DRM Celebrates New Baltimore Law that Protects Low-Income Renters

Baltimore advocates at the 2019 Source of Income Rally


Housing Advocates Applaud City Government for Taking First Step in Combatting Source of Income Discrimination in Baltimore City


Baltimore, MD, April 12, 2019 – Baltimore City housing advocates are pleased to announce that Acting Mayor Bernard C. “Jack” Young will be signing CB 18-0308 “Community Relations – Housing Discrimination – Source of Income” into law today at 10:30AM. CB 18-0308 prohibits discrimination in housing based on Source of Income (SOI) with exceptions as described below. Through the excellent work of the bill Sponsor Council member Dorsey, the Baltimore City Branch of the NAACP, a myriad of Baltimore City housing advocacy groups and the support of Council members Burnette, Clarke, Cohen and Sneed, Baltimore is now joining the over 75 jurisdictions from across the country that have enacted laws protecting tenants from SOI discrimination. The bill’s passage is a strong first step in combating SOI discrimination in Baltimore City and places renewed pressure on neighboring jurisdictions and the state government to enact SOI protections of their own.
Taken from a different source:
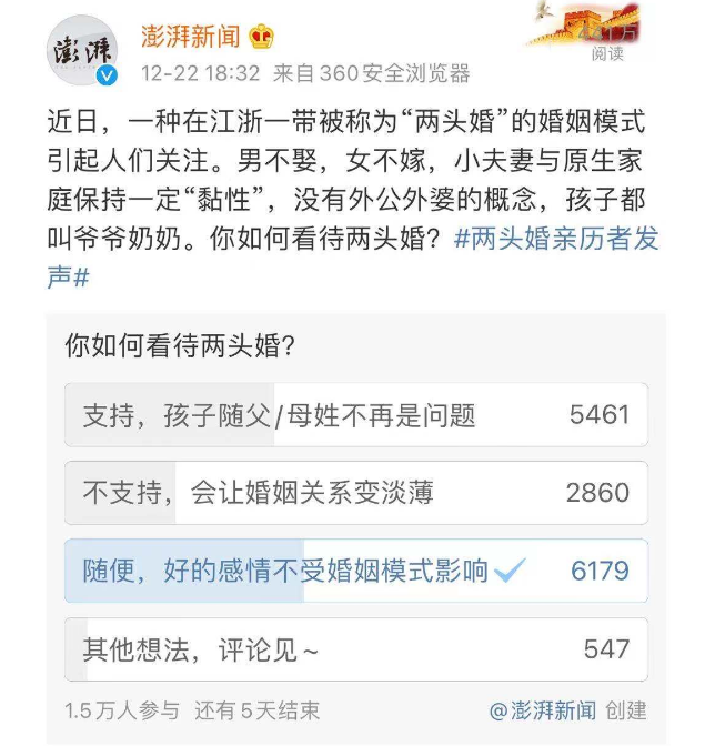 “两头婚”的婚姻模式,即男不娶、女不嫁,小夫妻与原生家庭保持一定“黏性”,没有外公外婆的概念,孩子都叫爷爷奶奶。澎湃新闻2020年末曾在微博发起过关于“两头婚”的投票,超过七成的网友并不反对这样一种婚姻模式。

Although landlords and property managers of some developments are already prohibited from discriminating against prospective tenants based on their SOI under Baltimore’s 2007 Inclusionary Housing law, CB 18-0308, expands such protections to a greater number of renters across the city. “Source of Income”, as defined in the bill, constitute any lawful source of income from employment, government or private assistance, as well as alimony, child support, inheritance or gifts. Under the new law, landlords may still deny housing to an individual based on other non-discriminatory factors such as rental history or criminal record, but a prospective tenant can no longer be turned away because of the type of income they are using to pay rent. An exception is for individuals utilizing the Housing Choice Voucher (HCV) Program. Refusing to accept tenants using a HCV is the most common and pervasive forms of SOI discrimination. Under the bill’s language, a landlord would still be able to discriminate against a HCV holder where 20% of a property’s units are already rented to voucher holders. This 20% rule would lapse after four years should the City Council not act to extend it.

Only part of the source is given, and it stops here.